During the past two years, in order to keep the suspense growing, there have been leaks from “official” (Arab, Israeli and American) sources.
These have, each in turn, been coyly denied by the Trump team with the cautionary note that their effort remained a work in progress and would only be revealed when the time was right.
Since most of the leaks have suggested proposals that were wholly unacceptable to the Palestinians, the Trump team has accompanied denials with warnings that the Palestinians should not reject the “deal” until they see it.
I have come to see this as nothing more than a cynical ploy to buy time.
What if there is no deal of the century? What if this entire enterprise is, as I suggested, merely “creating an illusion of a deal” to keep the Palestinians quiet and hold the Arab world at bay.
During this two-year period, while the “deal” was supposedly being concocted the Trump Administration and the Netanyahu government have been busy taking steps that make clear their intentions towards the Palestinians.

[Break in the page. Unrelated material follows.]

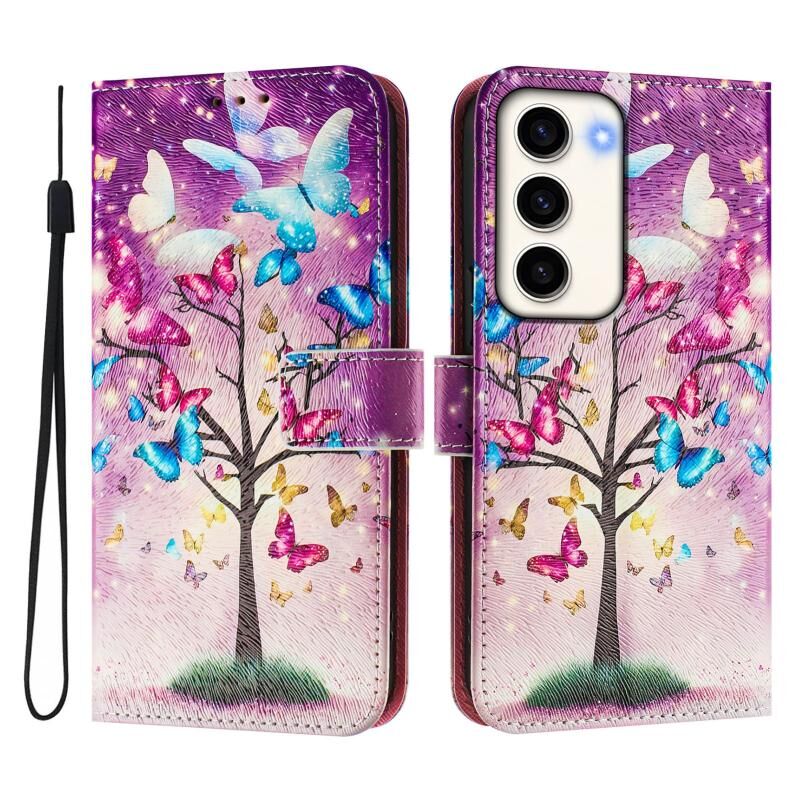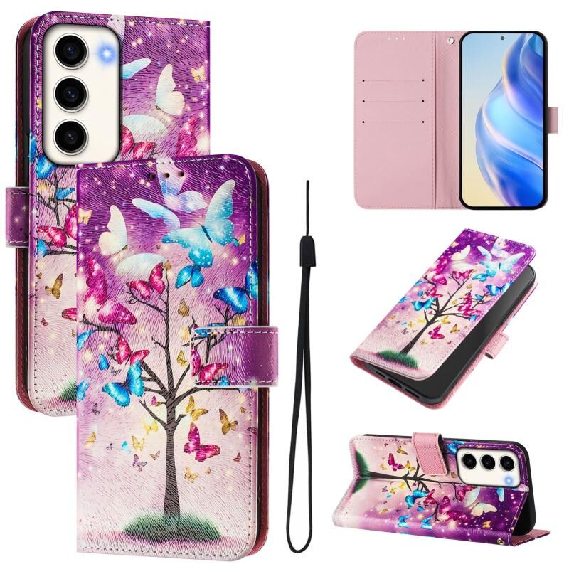 For Samsung Galaxy S23 5G Art Colored Drawing Pattern Leather Phone Case(Butterfly branch)

Trump has, in his words, taken “Jerusalem off the table” – recognising it as the capital of Israel.
By closing the US Consulate and denying US assistance to Palestinian institutions in East Jerusalem, he has placed this captive Palestinian community wholly under Israeli control.
Similarly, the Trump Administration has attempted to take the issue of Palestinian refugees “off the table” by suspending all aid to the UNRWA and refusing to consider descendants of those forced into exile in 1948 to be refugees.
Yet by its silence, the Trump Administration has accepted Israeli unilateral actions that have predetermined the future of Palestinian lands and rights.
Israeli settlements have expanded, illegal outposts have been legitimated and Israeli demolitions of Palestinian homes and exploitation of Palestinian resources and lands have accelerated at an alarming rate.
Add to this the Administration’s suspension of all Palestinian aid; acceptance of Israel’s “Jewish Nation State Law”; failure to criticise Israel’s refusal to reimburse Palestinian VAT revenues; support for Israeli acts that have crippled the PA and fostered divisions between Palestinians in the West Bank and Gaza; protecting Israel from the International Criminal Court; and efforts to criminalise support for BDS – all of which have furthered Palestinian powerlessness and Israel’s sense of impunity.
Even if there is a “deal of the century” (and I’m still agnostic on that question) we can be certain it won’t end occupation of the lands seized in the 1967 war; create true Palestinian sovereignty and control over their land and resources; give Palestinians the opportunity to freely and independently conduct commerce with the outside world; recognise the rights of Palestinian refugees; or do anything to reunite the areas now called “East Jerusalem” to Palestinian control.